Таков Густав, и он полная противоположность мне! Неудивительно, что такие разные личности, как мы, время от времени устраивают перебранки. Но я бы оставил все как есть. Он заботится обо мне, ограждает меня от банальных физических страданий, защищает от опасностей, и самой большой любовью в его созерцательной жизни остаюсь все же я. Я уважаю и почитаю его, хотя иногда — должен признаться — мне это дается нелегко.
После того как Густав подогнал машину под каштаны перед домом (автостоянки Густав никогда не понимал, парковка для него — чистая квантовая физика), мы оба вышли. Пока он, всей внушающей страх тушей воздвигнувшись перед зданием, рассматривал его сверкающими от удовольствия глазами, будто сам построил, я потянул ноздрями воздух.
Затхлая вонь ударила мне в нос как молот. Несмотря на то что дул легкий ветерок, запах разложения вокруг дома был настолько интенсивен, что привел меня в шок. Я молниеносно определил, что этот неприятный запах поднимается не от фундамента здания, а ползет с верхних этажей и готов запустить свои вонючие пальцы в квартиру, в которой нам в будущем суждено если не проживать с достоинством, то просто существовать. Но и там было что-то чужое, таинственное, пожалуй, ужасающее. Даже мне было крайне трудно определить эти едва уловимые запахи, мне, обладателю, признаюсь без ложной скромности, двухсот миллионов обонятельных рецепторов, что и среди моих собратьев говорит об уникальной остроте нюха. Сколько я ни пытался, но все же не смог определить эти особые молекулы. Тогда я обратился за помощью к старому доброму Я-органу и вдохнул как можно интенсивнее.
Это принесло желаемый результат. Теперь я обнаружил, что среди гнилостной вони нашего нового жилища скрывается еще и самостоятельный запах. Он не был естественного происхождения, и мне потребовалось некоторое время, чтобы классифицировать его. Наконец до меня дошло: это был смешанный запах различных химикатов.
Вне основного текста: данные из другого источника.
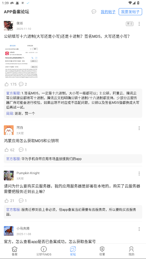 5.进入“论坛”模块,查看其他开发者的讨论和经验分享。提出你在APP备案过程中遇到的问题,向其他开发者请教。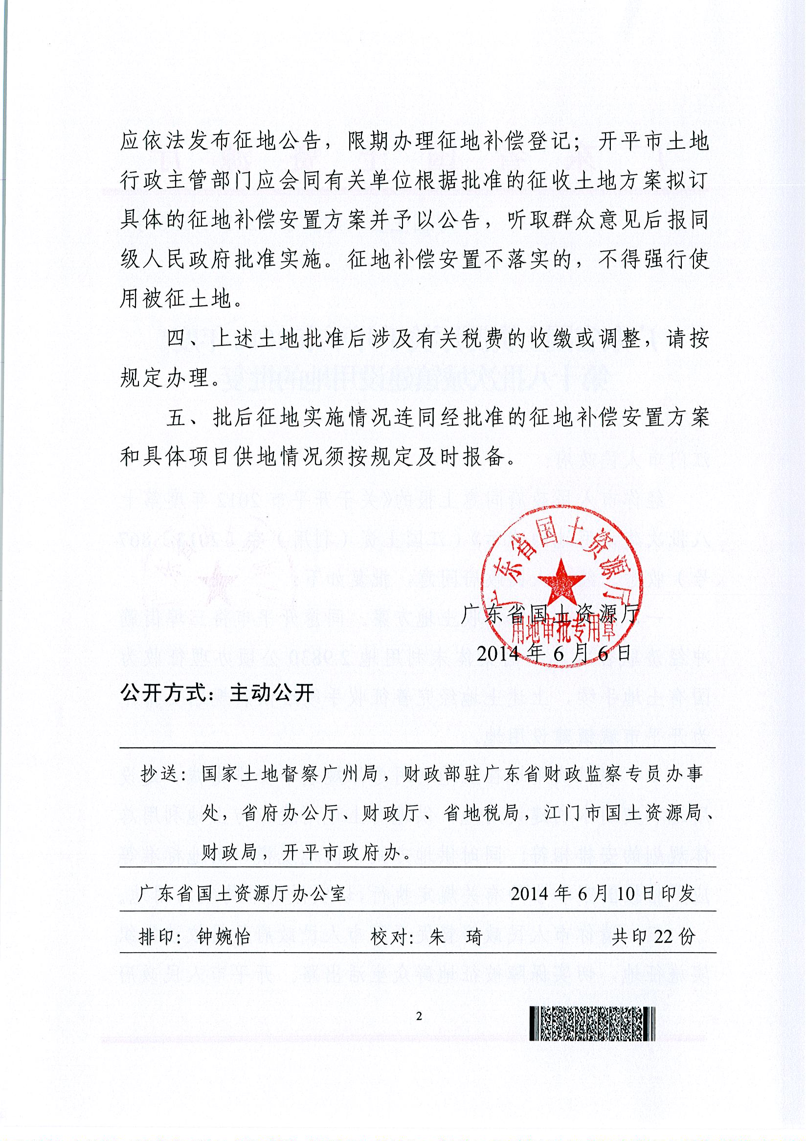 開平市2012年度第十八批次城鎮建設用地的批復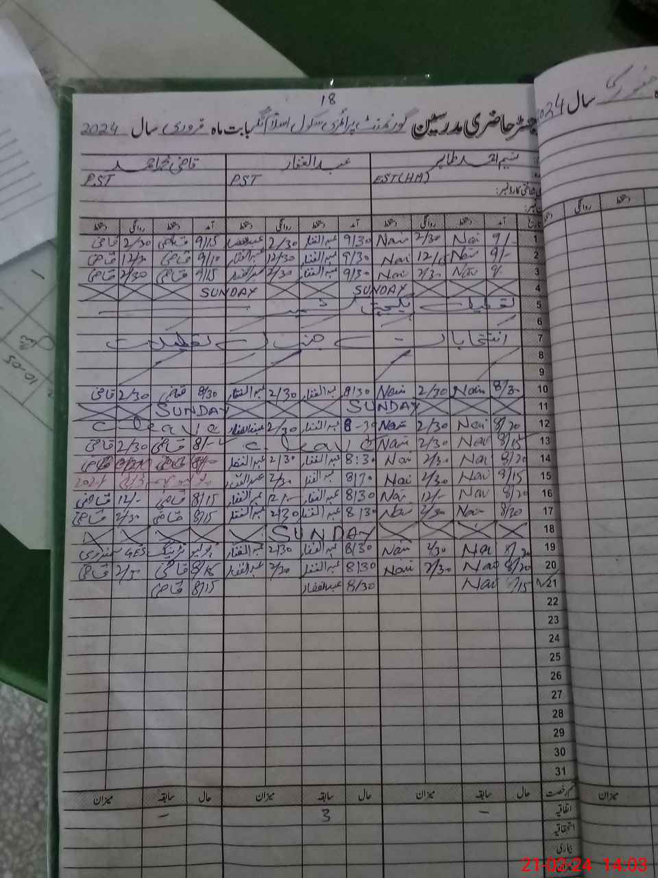 | CNIC | Full Name | Designation | R/C | Absence During Last Calender Month |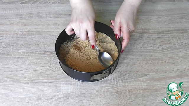 • Ставим на блюдо бока от разъёмной формы (d 20-22 см) или кулинарное кольцо. Равномерно распределяем крошку по дну, утрамбовываем. Отправляем заготовку в холодильник.

Хотя я все еще не имел ни малейшего понятия, какой конкретно специфический запах излучает этот замок с привидениями, но по крайней мере была установлена связь с синтетическими субстанциями. Каждому знаком запах, который стоит в больнице или аптеке. То же распознали мои чуткие ноздри среди отвратительного запаха плесени этого дома-развалины, когда, еще не догадываясь о тех ужасах, которые мне предстоит испытать, я стоял на тротуаре рядом с моим сияющим от радости другом.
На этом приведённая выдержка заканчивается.